I dropped to my knees and put a hand on Sam's shoulder because the pain in Charles's voice found its echo in mine.
"I doubt he'll survive for very long that way - do you hear me, wolf?"
Sam's upper lip curled, showing teeth.
"He does," I said.
"He'll grow tired and more hungry than usual. He'll slowly lose the chains that Samuel forged to control him, but all that will be left is a ravenous beast. A new wolf, a whole wolf in charge, kills easily and often, but usually there is a reason for it, even if that reason is that he doesn't like the way his victim smelled. What will be left of Samuel will kill and destroy until he drops dead."
"How do you know?" Charles was only a couple of centuries old. He hadn't ever lived in a place outside of the Marrok's control, and the Marrok killed the wolves who lost control. But he sounded absolutely certain.

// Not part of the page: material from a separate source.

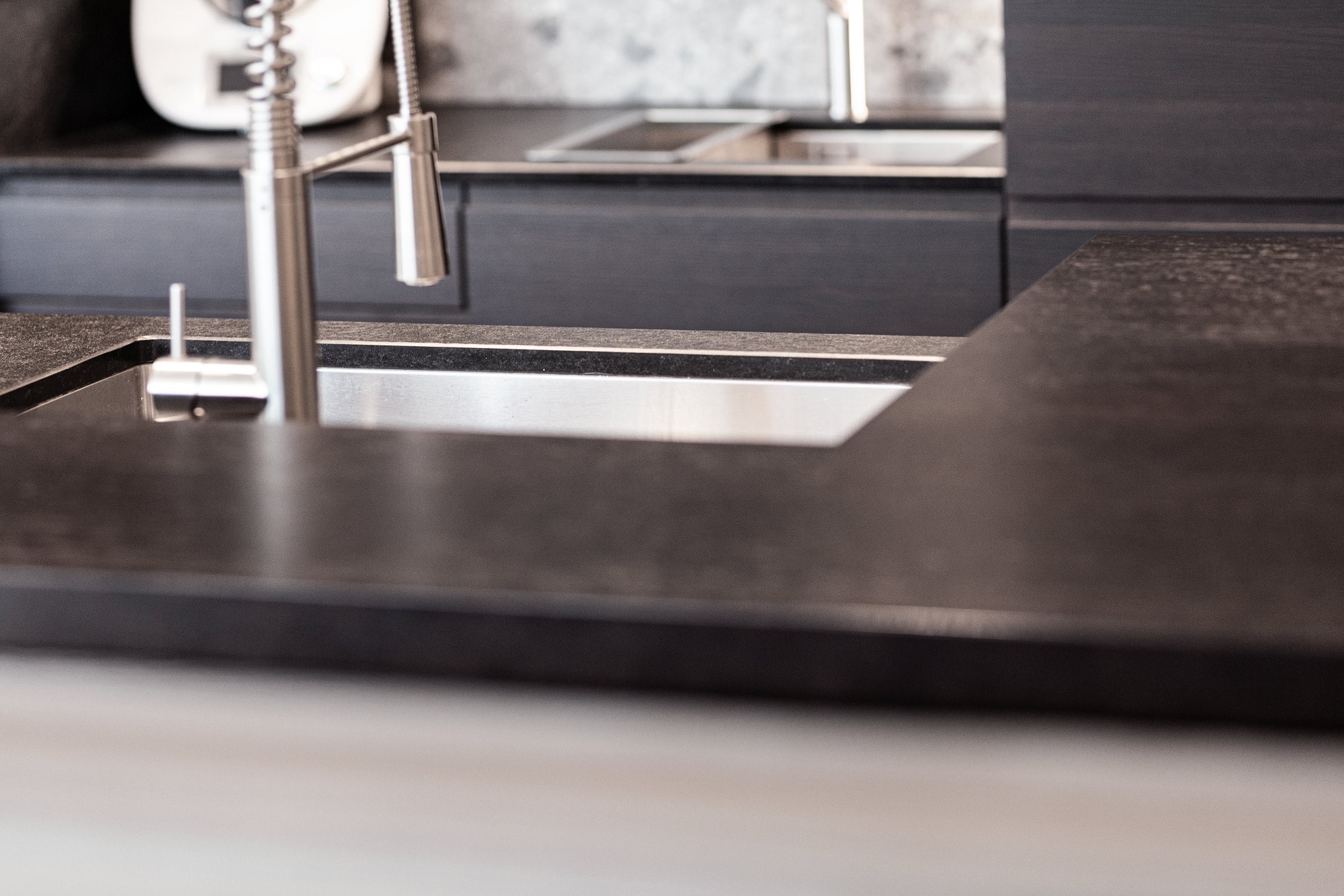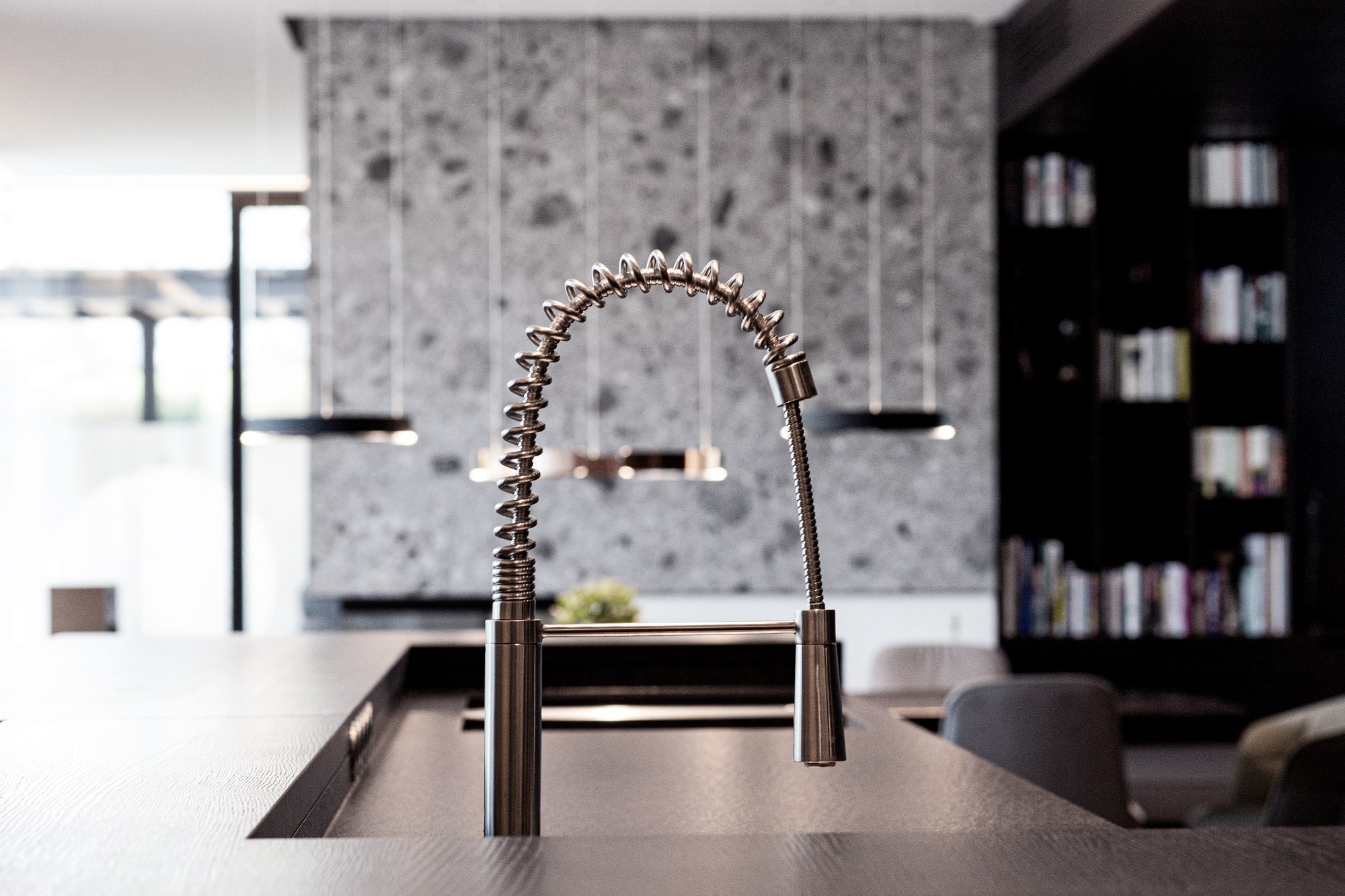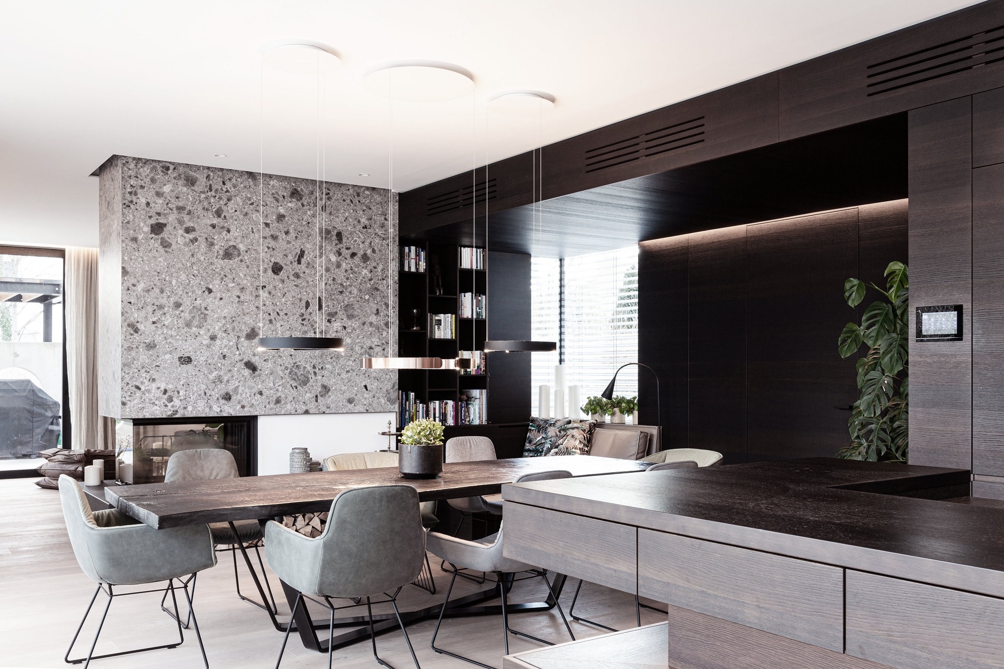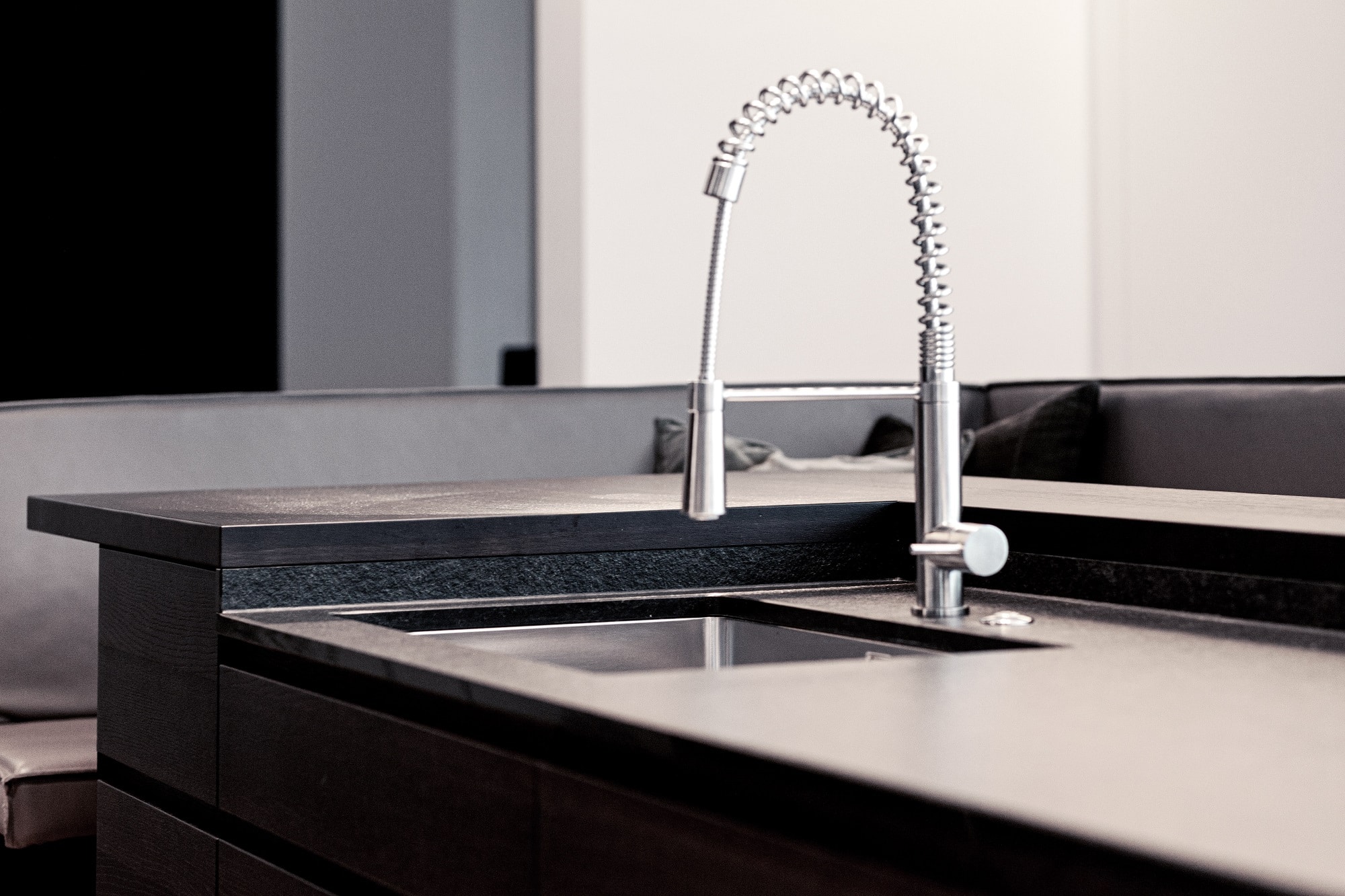 Edle Materialien und hochwertige Geräte runden diese eindrucksvolle Designküche ab.

"Let's say that, like you, I once had a friend I wished to help, and I kept him out of sight of my father in a place he could do no harm. It would have been kinder to kill him from the first."
My fingers sank into Sam's fur.
"How long do we have?"
"My friend was old, but not as old as Samuel. He lost his humanity over a few days, became sick and lethargic toward the end of that. I thought he was just fading - but he went into a frenzy." He stopped speaking for a moment. "Then just dropped dead. Less than a week. I have no idea how long Samuel will last."
"If he'd lost it when the wolf took over?" I asked. "Like the new wolves do? He'd have been better off?" I'd been so happy that he'd been different.
"Then he'd have lived until our father caught up with him - but you would have died along with the people in the hospital where you found him. This is better, Mercedes. But do not trust him, too much."
"Do you have any suggestions how I can help him?"
"The first is to convince the wolf to allow Samuel back in the driver's seat, if only for a short period of time."
"He wants to survive," I told them both. "That's why he took over from Samuel in the first place. If that means letting Samuel back in, he'll do it." I sounded much more convinced of that than I felt, but Sam sighed and gave me a tired, faint whine.
"And then you have to convince Samuel that he wants to survive."
"And if I can't? If the wolf lets Samuel out, and he still wants to kill himself?"
"Then the wolf will have to fight for control again - or my brother dies." Charles let out a breath of air. "All things die, Mercedes. Some just take longer than others."